С утра я позвонил Глории. Никто не снимал трубки. Она сказала, что два дня будет очень занята. Чем? И где? Она сказала, что у нее сейчас нет любовника. Я не в счет. Она назвала меня Уильямом – во время секса. А после утром не называла меня никаким именем. Она узнала меня. Она – единственная персона, которая знает, кто я. Она познакомила меня со своей театральной приятельницей Эмелдой, которая судя по ее похотливому взгляду сразу меня запомнила. Конечно, Глория не будет посвящать в свои личные дела эту ярко накрашенную женщину. Но у Глории наверняка большой круг знакомых, среди которых могут быть и близкие ей люди, с которыми она может поделиться своими сомнениями относительно меня. Я теперь знал, где она живет. Можно было поехать к ней. Но стоит ли? Не лучше ли прекратить это опасное знакомство? В синагогу я шел боковой улочкой, застроенной частными домами. Кто-то меня окликнул из-за забора. Это был дом мясника Шломо. Я уже знал его, он был прихожанином моей синагоги.

– Антони, вы когда кончаете работу? – спросил он из-за забора.

– Через три часа, – ответил я, подходя к забору.

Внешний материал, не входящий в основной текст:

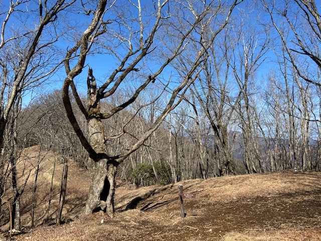 防火帯の広く気持ちの良い尾根を少し登り、有間峠への分岐へ。
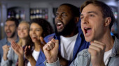 Wielorasowe przyjaciółmi siedząc na kanapie i komfortowo oglądać wydarzenia sportowe na tv
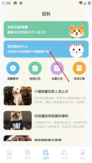 1、在宠物互动类应用的首页,点击底部的【百科】选项,就能进入包含宠物知识与工具的百科页面。
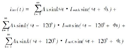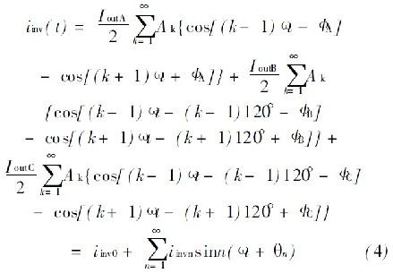式中, I inv0是直流分量的逆變器輸入電流; I invn 是n 階部分的電流。通過公式( 4) 可看到, I outA = I outB = I outC和ΦA= ΦB= ΦC , 同時有I invn = 0, 如果n> 0 三相負(fù)載電流是平衡的。否則, 交流成分存在會造成連鎖反應(yīng)。
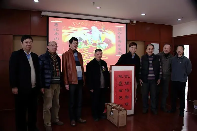 ▲施伯乐(左四)80岁诞辰时,弟子们也曾为他庆贺
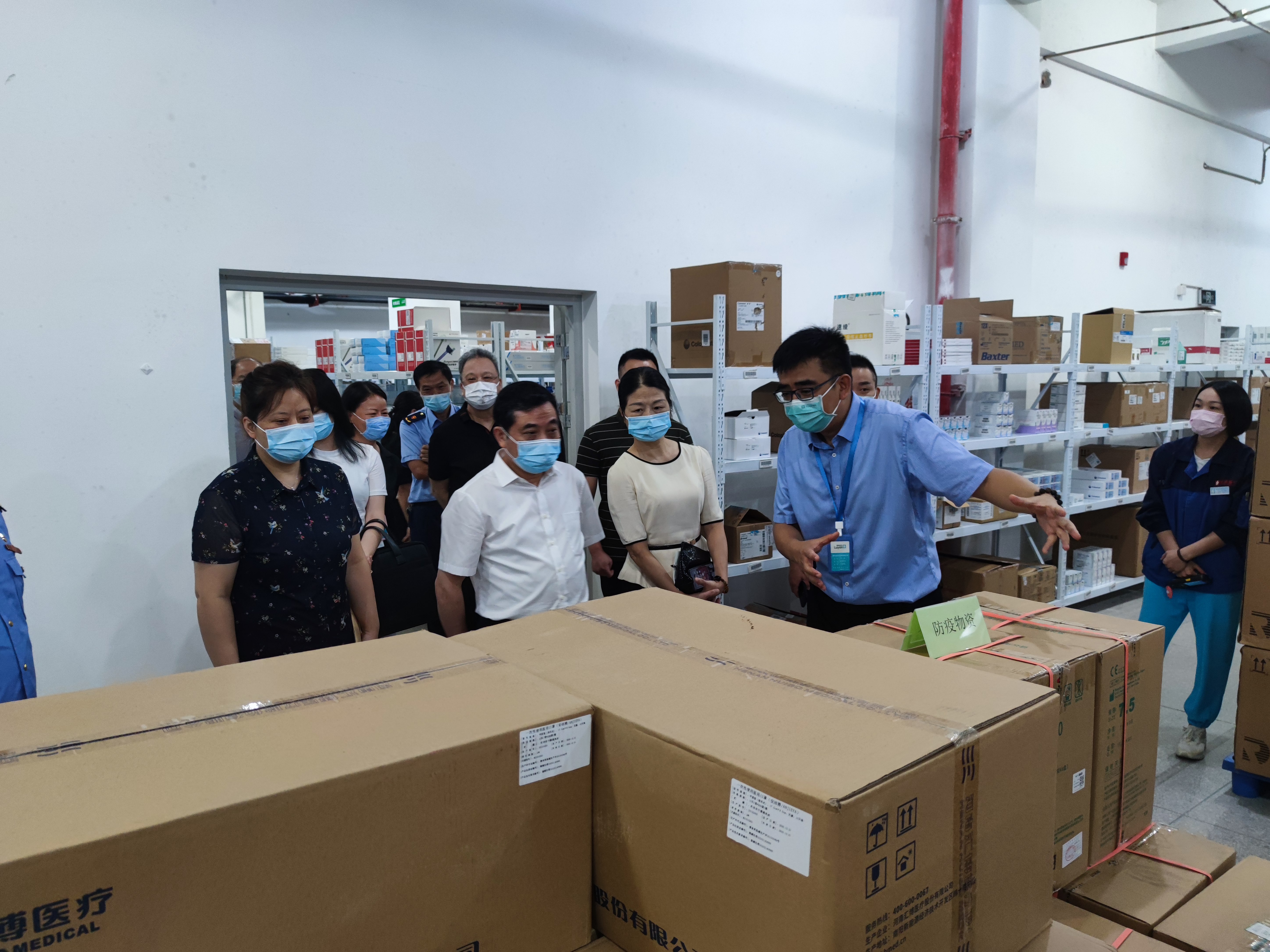 俞开海局长听取汇报后,对我司有效开展疫情防控工作,积极配合省市县政府做好应急防疫物资的配送,主动担当民营医药流通企业的社会责任给予了充分的肯定,并强调在做好应急保障确保防疫物资完成安全配送任务的同时,务必做好全公司人员、场所、环境的防控工作,做到企业经营和疫情防控同步开展、同步推进,共同为我省防控疫情作出贡献。同时对我司接下来的防疫工作重点作出如下指示:第一,继续全力以赴、扎实做好全省各地医疗机构的防疫物资供应,为打赢疫情防控歼灭战提供有力保障。第二,继续全力以赴抓好质量管控,确保防疫物资储存、运输等各个环节万无一失,保质保量完成任务。第三,全力做好防疫物资储备,防患未然。俞开海局长向随行的市、县领导作出相关指示,作为药品监管部门要与企业加强沟通联系,切实解决企业经营中遇到的实际困难和诉求,方能让企业、让员工安心投入防疫工作。

– Антони, вы не можете помочь мне сегодня развезти заказы?

– Могу.

– Я вам заплачу. Мой помощник сегодня не может. – Из дома выбежало двое детей. Шломо взял на руки младшего четырехгодовалого. Мы договорились о встрече. Когда я подошел к маленькой кошерной мясной лавочке, Шломо уже разложил на прилавке полиэтиленовые пакеты заказов. Пока он разрубал и развешивал мясо, обслуживая последних покупателей, я стал укладывать пакеты по коробкам, сверяя по списку, куда какие коробки везти. Затем Шломо сам проверил, правильно ли я разложил заказы, и мы погрузили их в старенький вэн. Шломо закрыл свою лавочку, и мы поехали в Манхэттен.

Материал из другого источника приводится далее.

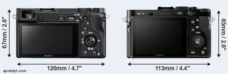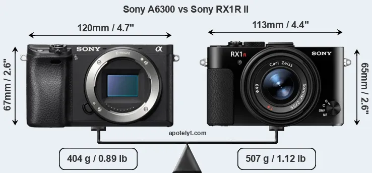 The side-by-side display below illustrates the physical size and weight of the Sony A6300 and the Sony RX1R II. The two cameras are presented according to their relative size. Three consecutive perspectives from the front, the top, and the back are available. All width, height and depth measures are rounded to the nearest millimeter.
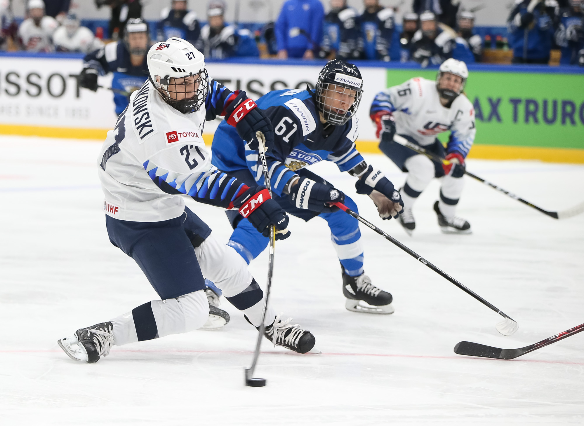 Yhdysvaltojen tasoitus tuli avauserän tarkalla yläkulmalaukauksella siirretyn rangaistuksen aikana. Osumasta vastasi Kendall Coyne Schofield.
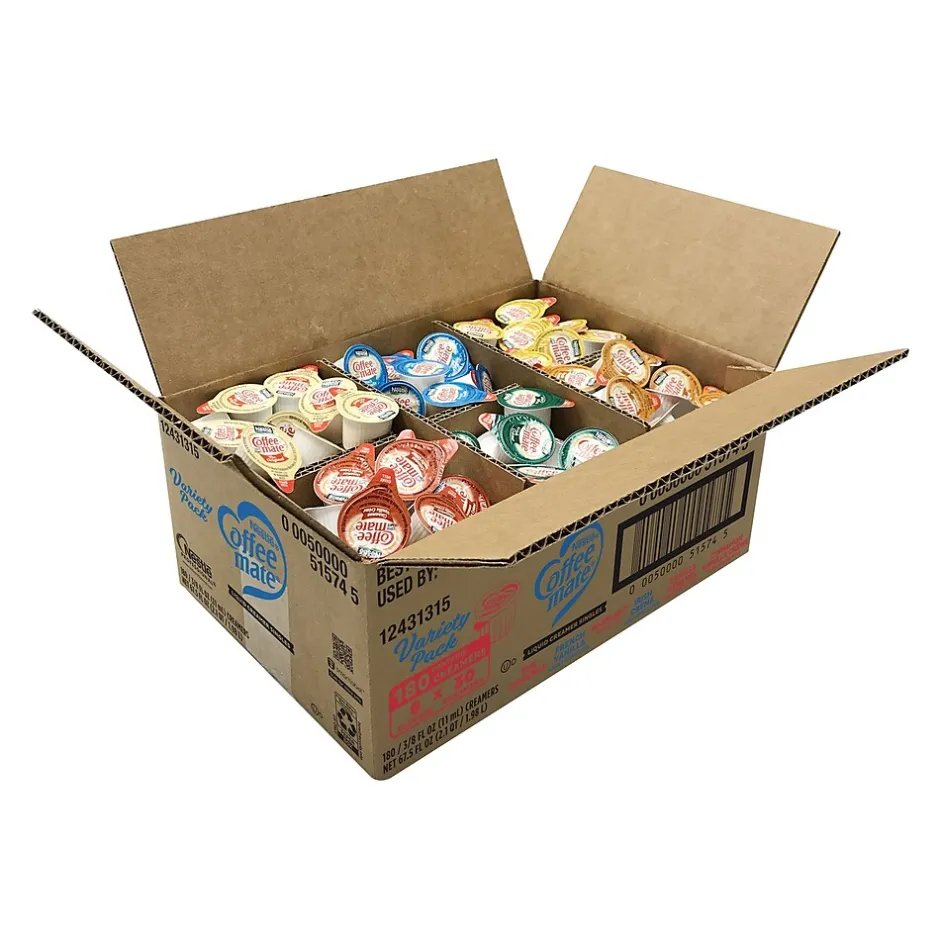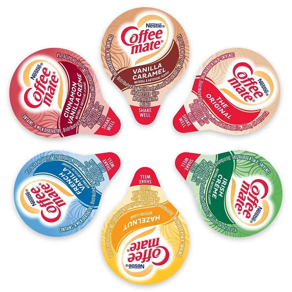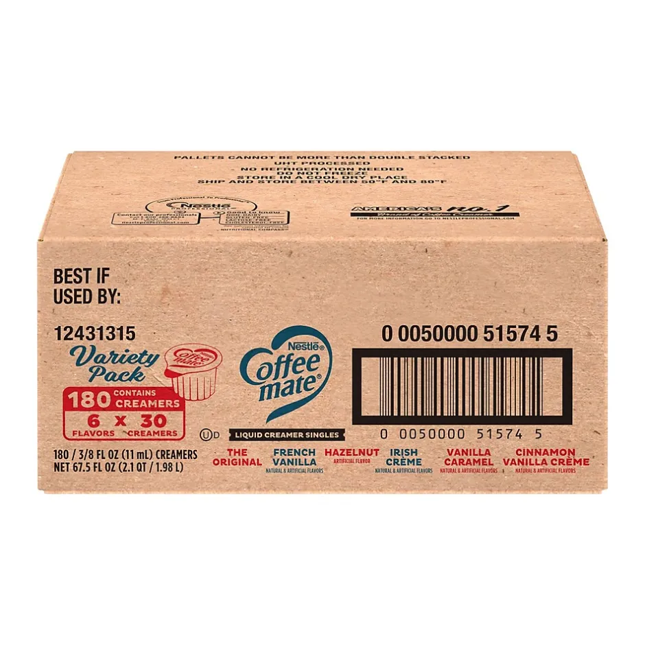 Add variety to your coffee routine with the creamy, rich flavor of your favorite Coffee mate liquid creamer singles including French vanilla, hazelnut, original, cinnamon vanilla, Irish creme, and vanilla caramel. The convenient, portable tubs give you the freedom to take a break where and how you like. Serve and enjoy Coffee mate’s top six flavors from one convenient variety pack (30 counts of each flavor). These creamer singles don’t need to be refrigerated and can retain their irresistible flavor at room temperature for up to nine months prior to opening. Easy to use: just shake, open, and pour.

– Шломо, как часто вы развозите заказы?

– Раз в неделю. – У Шломо девять детей. Мал мала меньше. И больная жена. Однажды я видел, как к его магазину подъехал грузовик– холодильник с мясными тушами. Шломо сам затаскивал в магазин тяжелые туши, пока помощник, его племянник, обслуживал покупателей. Шломо сам разделывает эти туши и складывает их в деревянную холодильную камеру при магазине, которую он сам соорудил. На нем всегда засаленный белый передник, или засаленный пиджак. Но по субботам он приходит в синагогу в безукоризненном черном костюме, с аккуратно расчесанной бородой и с пятью или шестью детьми, тоже прилично одетыми. Остальные дети и больная жена остаются дома. Я стал в уме подсчитывать доходы Шломо. Покупателей у него много. Мясо он продает по высокой цене, потому что оно кошерное. Однако коровьи туши, которые ему привозят с кошерной бойни, тоже дороже обычного мяса. Когда подсчитываешь чужие доходы и расходы, всегда остается много лишних денег. Но в случае со Шломо получалось наоборот. Рент его дома, рент его лавочки, содержание и обучение девятерых детей, больная жена. Поскольку у него свой бизнес, медицину и врачей он оплачивает из своего кармана. Расходов явно больше, чем доходов. Но у Шломо всегда вид благополучного дельца. Очевидно, евреи обладают некоей экономической хитростью. Не зря же так много евреев банкиров. Я задремал и проснулся, когда мы уже были в Манхэттене. Шломо подал мне новую белую ермолку.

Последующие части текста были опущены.